RS: And in the workplace when they start working, a Zoom meeting is going to be a degraded experience from what they’re used to?
SN: And they’ll moan ‘why isn’t it done on a VR headset?’
RS: And how they interact with their friends. And then you’ll have exactly what we’ve got effectively in terms of people running their business on WhatsApp, effectively outside the approved systems. People will move off from that and they’ll go ‘let’s not Zoom, let’s VR’. They’ll have IT running outside their IT system, which will have to embraced by the IT departments.
MH: For a final comment, if I start with you, Andrew. What do you feel the future of technology – in all areas, including the recruitment area – is over the next decade for Kreston Reeves?
AG: Technology, as we’ve all been saying, will be a great enabler. We’re already seeing it replace some of our
systems and processes, but it’s doing some of the work that our people have traditionally done. So our role increasingly becomes one of interpreters rather than processors. That won’t abate, that will just continue. I do think that the technology or the algorithms can only be as good as the people that actually develop them, so that we need to continue to create a learning and development environment for people to thrive to create the new technologies going forward.

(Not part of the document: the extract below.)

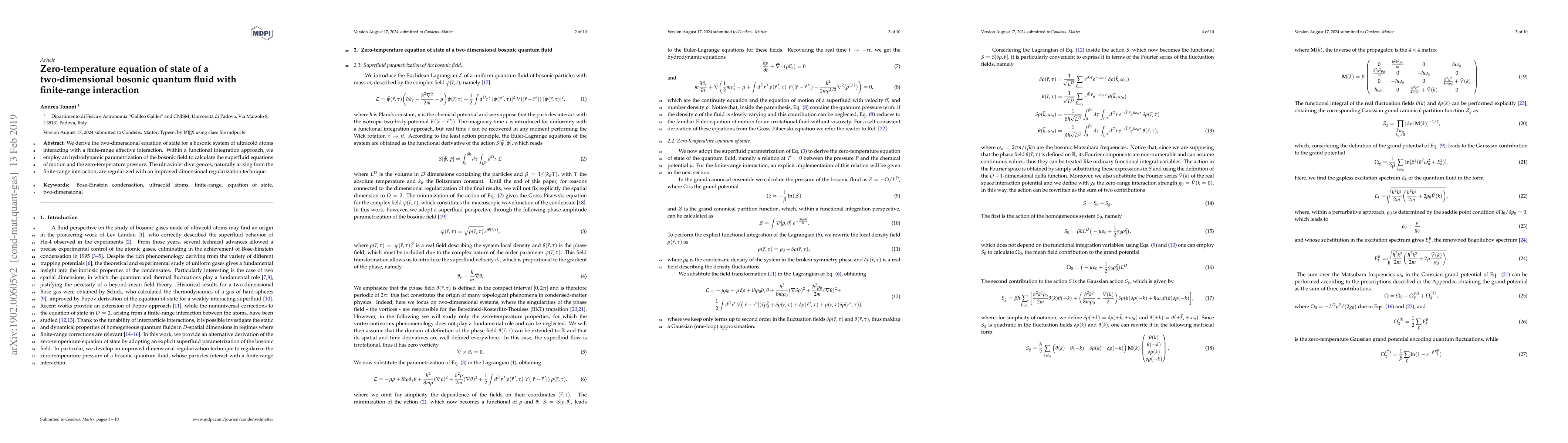 We derive the two-dimensional equation of state for a bosonic system of ultracold atoms interacting with a finite-range effective interaction. Within a functional integration approach, we employ an hydrodynamic parametrization of the bosonic field to calculate the superfluid equations of motion and the zero-temperature pressure. The ultraviolet divergences, naturally arising from the finite-range interaction, are regularized with an improved dimensional regularization technique.

And the one thing I’ve taken away from this conversation; it’s something that was said in the first 20 minutes, is that – are we adapting our systems and processes to be less office-based than perhaps we did in the past? And I think that there will be an increase in that over the next 10 years quite significantly.
JY: We will. It’s inevitable, and there are pluses for the people working within the firm. If we can be efficient, and if we can get the technology right, so people can collaborate effectively, can learn effectively, it can become a great place to work. A hybrid world can be a real positive place to work, because there are many upsides as we recognise. For instance, what working from home offers in terms of saving commuting time and we just need to find a way forwards on those collaborative pieces to get those to be as effective as they were in the real world. And I think technology will deliver on those.

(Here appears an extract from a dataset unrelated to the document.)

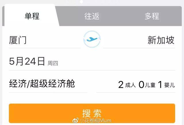 2、例如:搜索 5月24日 厦门至新加坡 2成人1婴儿 出来的价格就是人均834元,三个人就是2500,但如果是1成人的价格就要相对比套票的价格高。这是订亲子机票的小窍门,仅限于三人且不是所有日期都可以,所以要查看好出行日期再安排。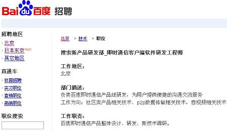 百度有意推IM產(chǎn)品的傳聞由來已久,不過該傳聞一直未得到官方證實。但在其官網(wǎng)最新公布的招聘頁面中,百度已向外界羅列出即時通信客戶端軟件研發(fā)工程師(搜索新產(chǎn)品研發(fā)部)、即時通信軟件產(chǎn)品經(jīng)理(客戶端軟件業(yè)務部)等職位,上述工作地點均在北京,可見百度的IM戰(zhàn)略布局已具雛形。

MH: Nigel, do you think the next decade is going to embrace this with the gusto we’re all feeling?
NL: It’s inevitable. The challenge is making sure that we remain a people-first organisation, and that we use technology to enable our people to work better, as opposed to the technology tail wagging the dog. But we now need to review how we operate the process to make sure that we’re making the best use of technology. But at all times remain ‘people-first’.

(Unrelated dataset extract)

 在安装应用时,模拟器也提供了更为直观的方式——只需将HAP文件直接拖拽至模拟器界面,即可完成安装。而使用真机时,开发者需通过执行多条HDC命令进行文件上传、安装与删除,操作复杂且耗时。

RS: Three key things, for me. The rapid change of the last two years has dramatically changed people’s propensity to change. And that’s a great opportunity. People are prepared to try to do new things that they might have been reluctant to do. So they’re much more open to changing processes and systems, because they’ve seen that forced on them. And it’s worked well. It’s worked well and it’s worked quite rapidly.
As a profession, we have great opportunities to automate. And as a business from an HR and leadership development point of view, how do we train people to do the high level stuff if they’ve never done the low level stuff that we’ve automated? So we’re going to have to change our learning development structures around that. I’m not sure we’re 100% ready for that - teaching people to be experts on something they’ve never done the basics on it is probably quite challenging.
MH: Gentlemen, thank you very much. I think I do feel like we could probably go on for another couple of hours. But sadly, we’re not allowed to. Thank you very much for your input.